- Born: Donna Lee Butterworth February 23, 1956 Philadelphia, Pennsylvania, U.S.
- Died: March 6, 2018 (aged 62) Hilo, Hawaii, U.S.
- Occupations: Actress; singer;
- Years active: 1965–1967
- Known for: Paradise, Hawaiian Style; The Family Jewels;

= Donna Butterworth =

American actress and singer (1956–2018)

Donna Lee Butterworth (February 23, 1956 – March 6, 2018) was an American actress and singer, best known for starring opposite Elvis Presley in the 1966 musical comedy Paradise, Hawaiian Style, when she was 10 years old.

Butterworth's career as an actor and performer was brief; however, during that short time, she received critical acclaim.

==Early life==
Donna Lee Butterworth was born in Philadelphia, Pennsylvania on February 23, 1956, the daughter of Isabella "Isa" Chalfant. She had one sibling, a brother named William "Bill" Butterworth.

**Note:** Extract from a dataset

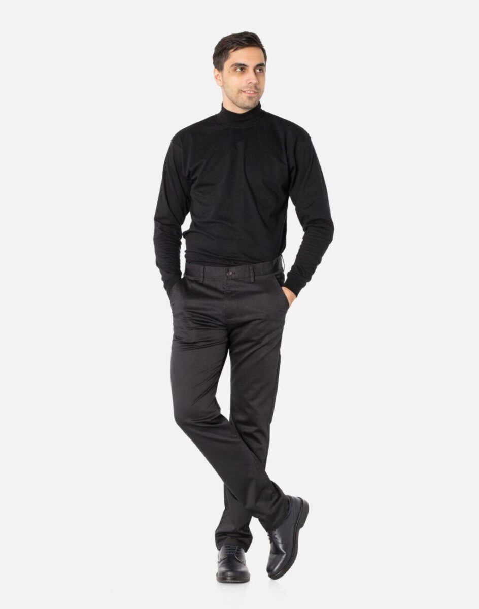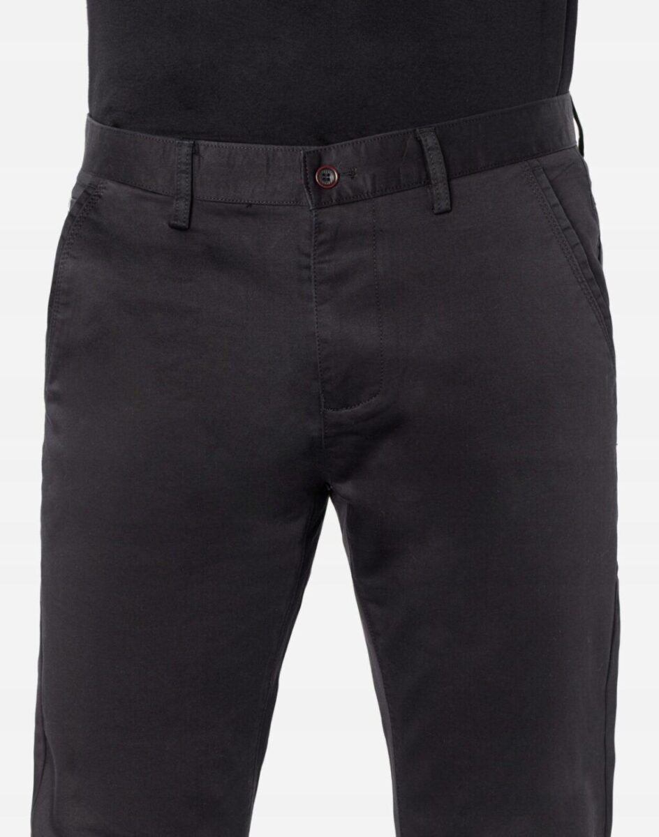 Spodnie męskie typu Chino zwane również Chinosami to klasyka wśród klasyki. Dedykowane mężczyznom uwielbiającym elegancki i modny wygląd a jednocześnie sportowy charakter. Uszyte z mocnej tkaniny bawełnianej średniej grubości o drobnym zapewniającym dużą wytrzymałość splocie. Zapinane na kryty zamek błyskawiczny i guzik posiadają charakterystyczne dla Chinosów dwie skośne kieszenie na dłonie na bokach spodni i dwie wpuszczane kieszenie z tyłu zapinane na guziki. W pasie szlufki umożliwiające stylizacje z paskiem. Użyta do produkcji spodni wysokiej jakości tkanina bawełniana dzięki niewielkiemu dodatkowi lycry jest delikatnie elastyczna co sprawia że spodnie są wyjątkowo wygodne w użytkowaniu, pozwalają na pełną swobodę ruchów co daje wygodę przy siadaniu i zapewnia ogromny komfort noszenia. Klasyczna lekko zwężana nogawka nie zaprasowana na kant.

Butterworth's family lived in Pennsylvania for the first three years of her life before they moved to Hawaii, where Butterworth remained until her death. She learned to play the ukulele soon after moving to Hawaii.

== Career ==
Performing Hawaiian music from an early age, Donna gave concerts around the islands, performed with Don Ho, and appeared on The Dean Martin Show, The Danny Kaye Show and The Andy Williams Show. and on the Ronnie Howard show. She was nominated for a Golden Globe Award for her role in the 1965 film The Family Jewels. In 1966, she appeared opposite Elvis Presley, singing several duets with him in Paradise, Hawaiian Style. Little Leatherneck, an unsold sitcom pilot film in which she appeared, aired on ABC television as part of the 7-week 1966 series Summer Fun.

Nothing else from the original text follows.